The previously mentioned Citrix study found that 42% of UK companies apparently have a stockpile of digital currencies, averaging 23 bitcoins (valued at around $69,000). A third of those companies hoarding have more than 30 bitcoins (valued at around $90,000) in hand. Interestingly, the study also suggested companies with between 250-500 employees were more likely to have a cryptocurrency stash than larger ones with 1,000+ employees. Possibly because larger companies are more likely to have backups and security in place which make ransomware less effective. Lyne, however, is wary of such planning.

“I’m not saying maybe it’s not a good idea for a big business to have that option, given some ransomware has an unlock timer that starts deleting files very quickly. But banking on it as your strategy I think is terrible advice. You’re trusting cyber criminals to be honest. Granted, a lot of ransomware campaigns are incentivised, but they don’t all do that. And some of them come back and extort you for more because they know you pay.”

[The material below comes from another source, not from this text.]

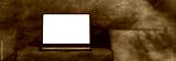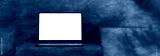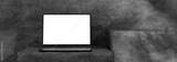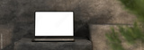 3D Blank laptop screen mockup placed on stone stand with textured wall Responsive Web Design

The other issue, he argues, is the fact there’s a lot of ransomware out in the wild that you simply can’t undo: the payment channels have fallen over, or they feature email addresses you can no longer contact, the bitcoin wallets are no longer in the control of cyber criminals, or they just abandoned it because they felt the heat of law enforcement. “There’s ransomware out there that’s inadvertently moved onto shredware or destructionware, and you can’t depend on being able to pay and get your data back.”

Ultimately, it’s hard to fault hoarding bitcoins as a final reserve strategy, but investing your money correctly in the first place makes more sense. “You need to invest in prevention, having a business continuity strategy, doing the right things in the first place, or you will regret it.”